The nurse receives a laboratory report indicating that the phenytoin [Dilantin] level for the patient seen in the clinic yesterday is 16 mcg/mL. Which intervention is most appropriate? A. Consult the prescriber to recommend an increased dose. B. Tell the patient to hold today's dose and return to the clinic. C. Continue as planned, because the level is within normal limits. D. Have the patient call 911 and meet the patient in the emergency department.

C. Continue as planned, because the level is within normal limits. The therapeutic range for phenytoin is 10 to 20 mcg/mL. Because this level is within normal limits, the nurse would continue with the routine plan of care.

Which drug should be used with caution in a patient with first-degree atrioventricular (AV) heart block? A. Tiagabine [Gabitril] B. Felbamate [Felbatol] C. Lacosamide [Vimpat] D. Levetiracetam [Keppra]

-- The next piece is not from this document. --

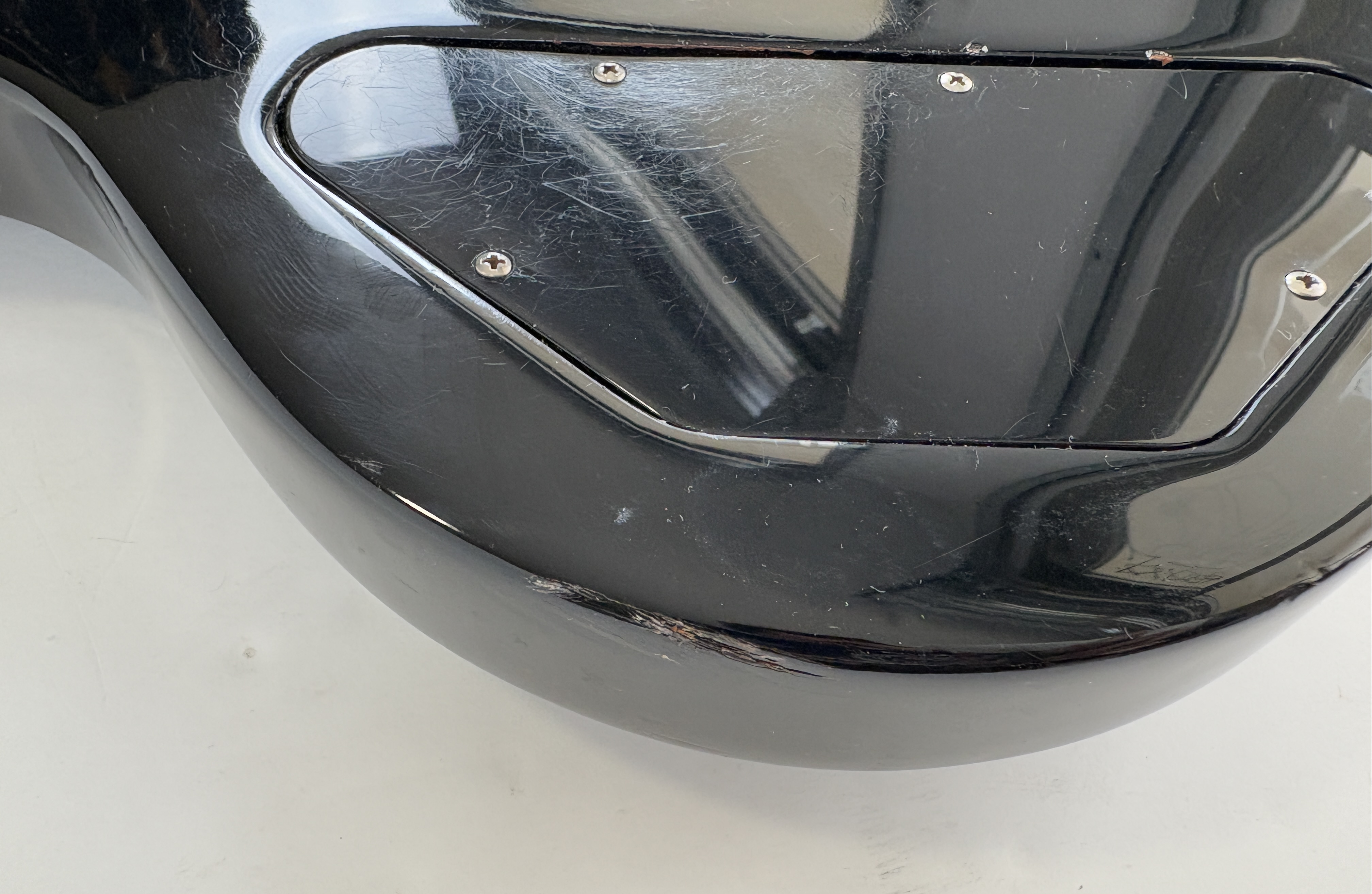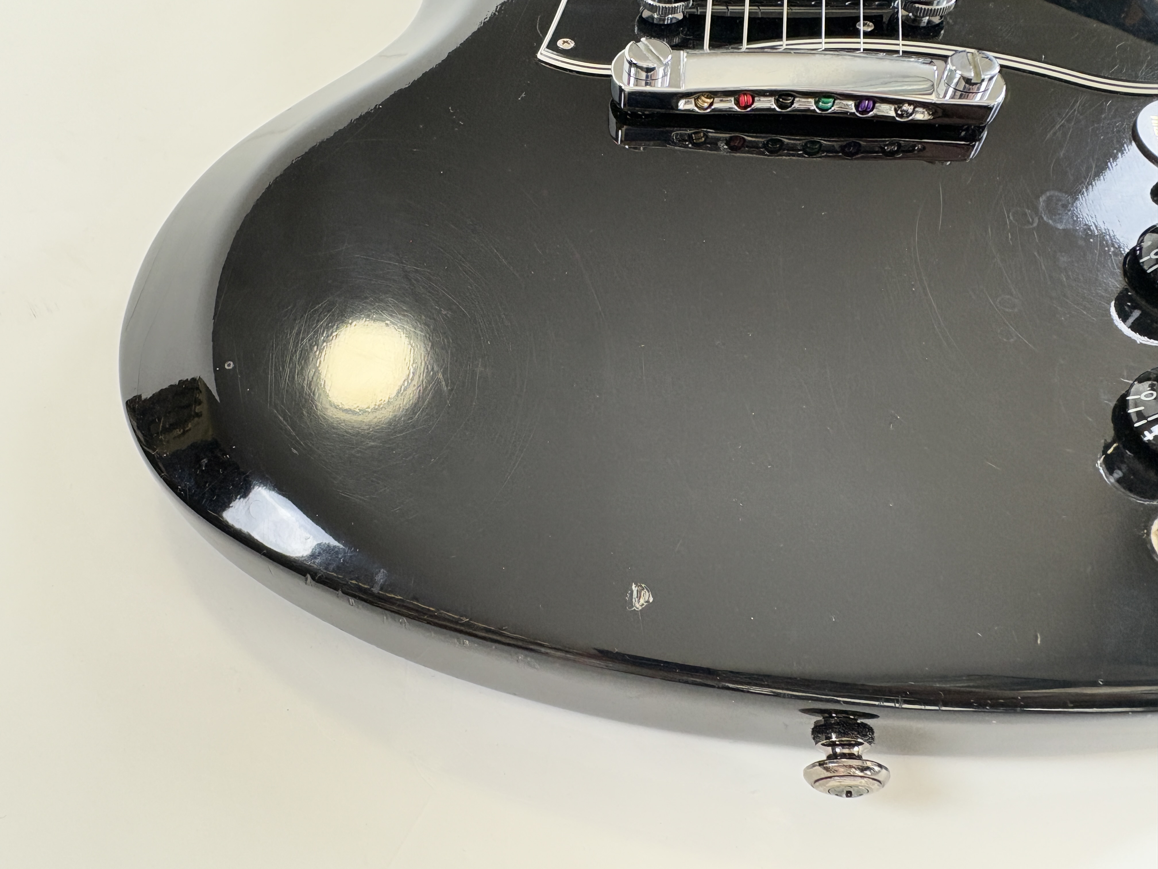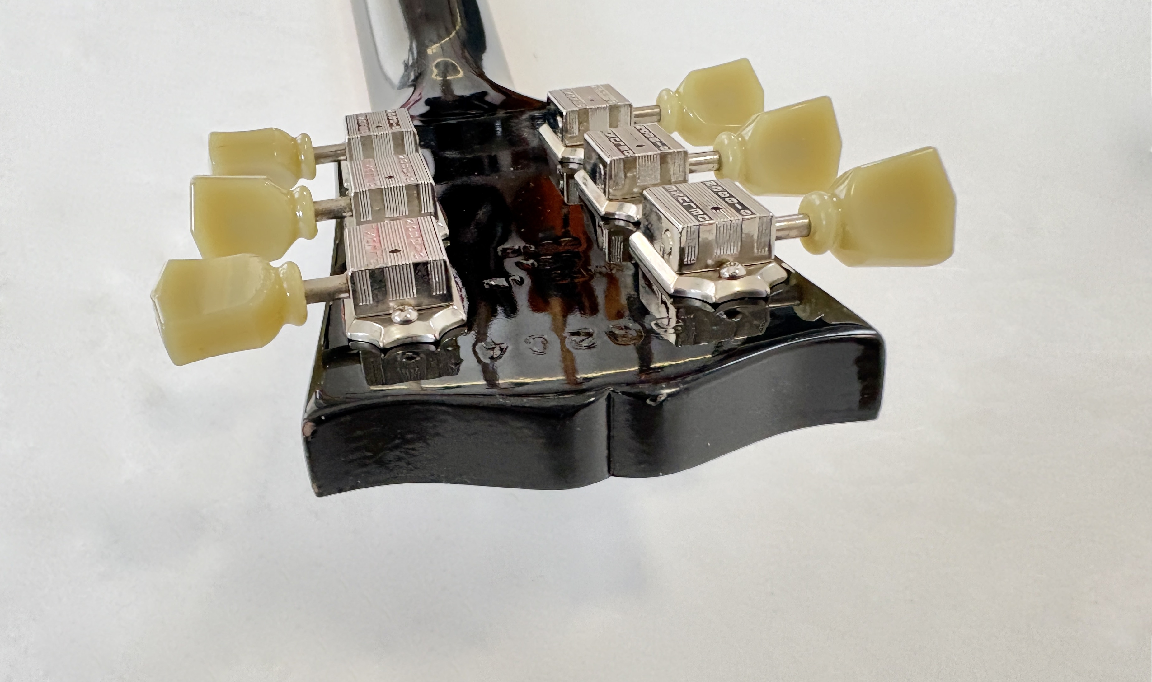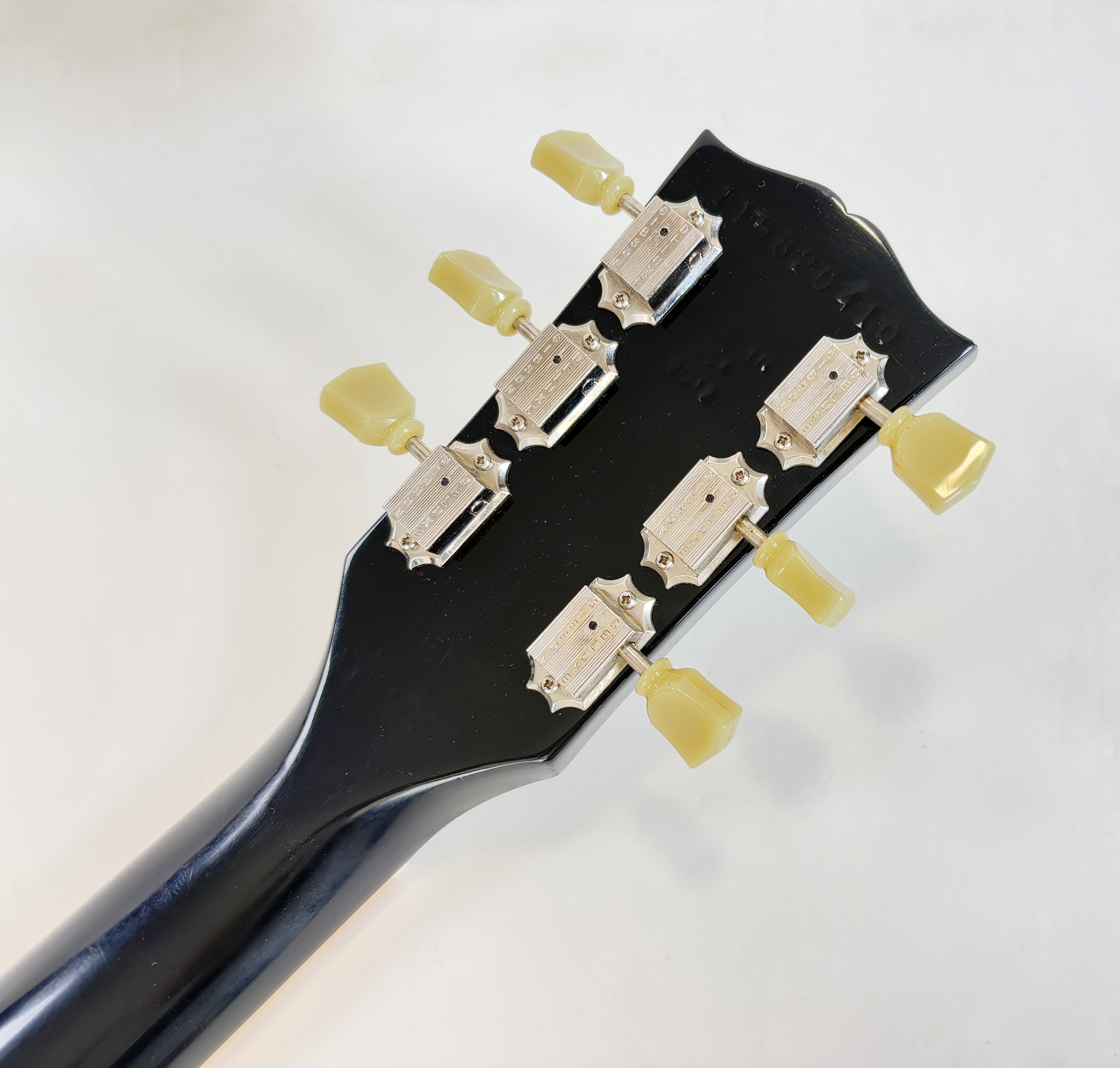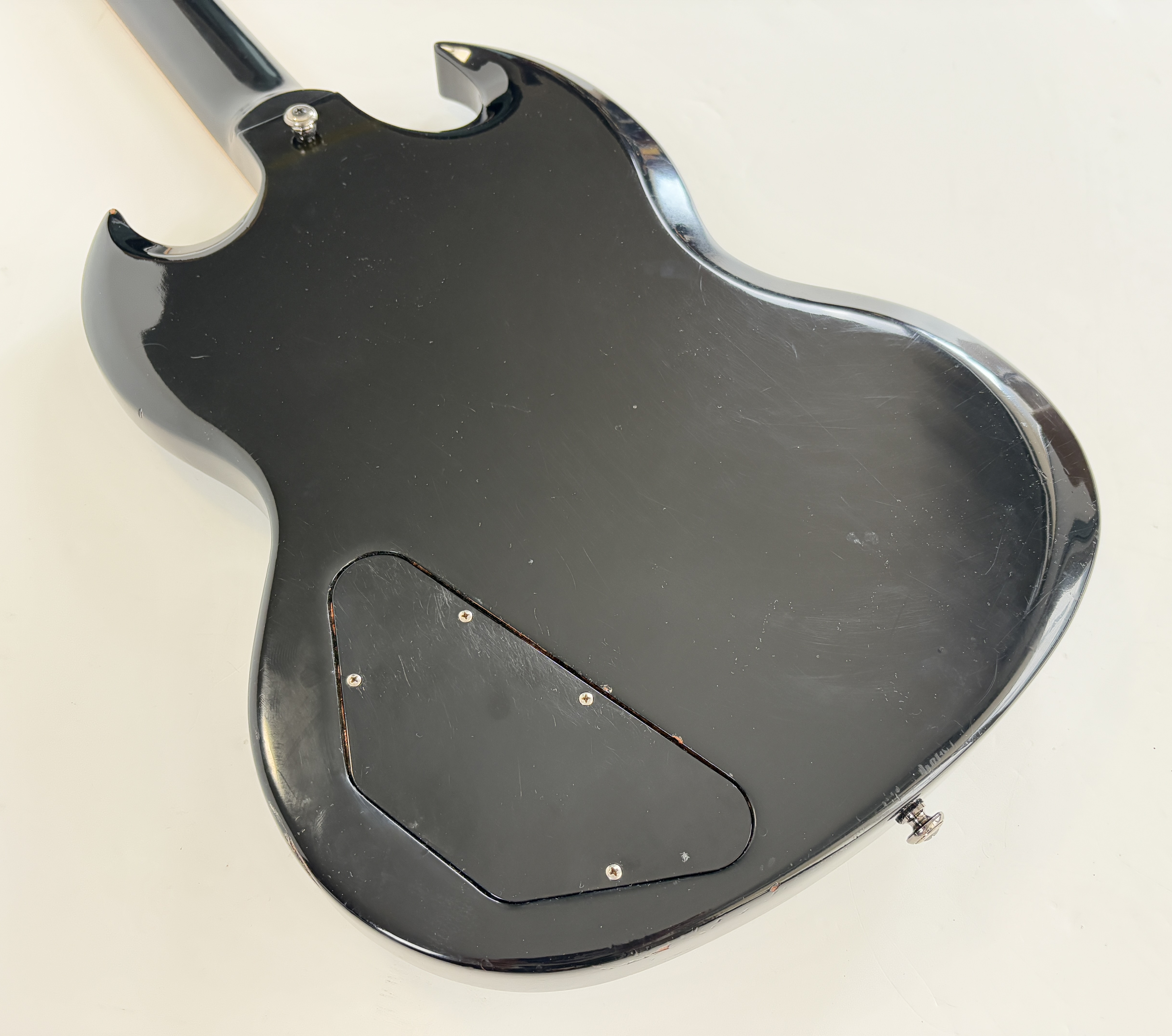Une SG, c’est souvent Cherry, ici elle se pare d’une couleur plus originale : Ebony ! La construction est classique : corps et manche en acajou, touche au radius de 12 pouces en palissandre. Cet exemplaire de 2012 se dote du duo classique de l’époque (qu’on trouvait sur les Special ou encore les Les Paul Studio, Standard ou Custom) : un doux 490R en position manche et un puissant 498T côté chevalet. Vendue dans son étui d’origine.Location, achat, vente, reprise, dépôt-vente.

C. Lacosamide [Vimpat] Lacosamide can prolong the PR interval and should be used with caution in patients with cardiac conduction problems and in those taking other drugs that prolong the PR interval, such as calcium channel and beta blockers. Felbamate, tiagabine, and levetiracetam do not affect the PR interval.

The nurse is assessing a patient receiving valproic acid [Depakene] for potential adverse effects associated with this drug. What is the most common problem with this drug? A. Reddened, swollen gums B. Increased risk of infection C. Nausea, vomiting, and indigestion D. Central nervous system depression

C. Nausea, vomiting, and indigestion Valproic acidis generally well tolerated. Gastrointestinal effects, which include nausea, vomiting, and indigestion are the most common problems but tend to subside with use and can be lessened by taking the medication with food. Valproic acid does not cause hematologic effects resulting in an increased risk of infection, nor does it cause gingival hyperplasia. It causes minimal sedation.

The nurse is administering morning medications. Which administration technique is an error? A. The nurse administers intravenous Dilantin with a filter. B. The nurse adminsters phenobarbital elixir with fruit juice. C. The nurse administers carbamazepine with grapefruit juice. D. The nurse administers gabapentin without checking when the patient ate.

C. The nurse administers carbamazepine with grapefruit juice. Carbamazepine is not to be given with grapefruit juice as this can lead to increased toxicity of the drug. Dilantin is adminstered IV with a filter. Gabapentin can safely be given without regard to meals. Phenobarbital elixir can be administered with fruit juice, but the oral pill form of the drug should be given with water.

A provider has ordered once-daily phenytoin [Dilantin] for an 8-year-old child who has a seizure disorder, and the parents say that it is impossible to have the child take pills by mouth. What intervention would the nurse recommend? A. The parents should learn to administer shots, and phenytoin could be given IM. B. The parents should open the medication and put it in food without the child's knowledge. C. The parents should ask the healthcare provider for a suspension form of the medication. D. The parents should request a chewable form of phenytoin and put it into the child's food.

C. The parents should ask the healthcare provider for a suspension form of the medication. Suspensions are an alternative to pills for young children. Phenytoin is never administered IM. Children's medications should not be mixed with food unknowingly, as this could lead to the child avoiding certain types of food. There is also the risk the child would not eat all of the food. Children should not be bribed with treats they are not normally allowed to eat as this can lead to manipulative behavior. Chewable forms of phenytoin should not be used for once-daily dosing.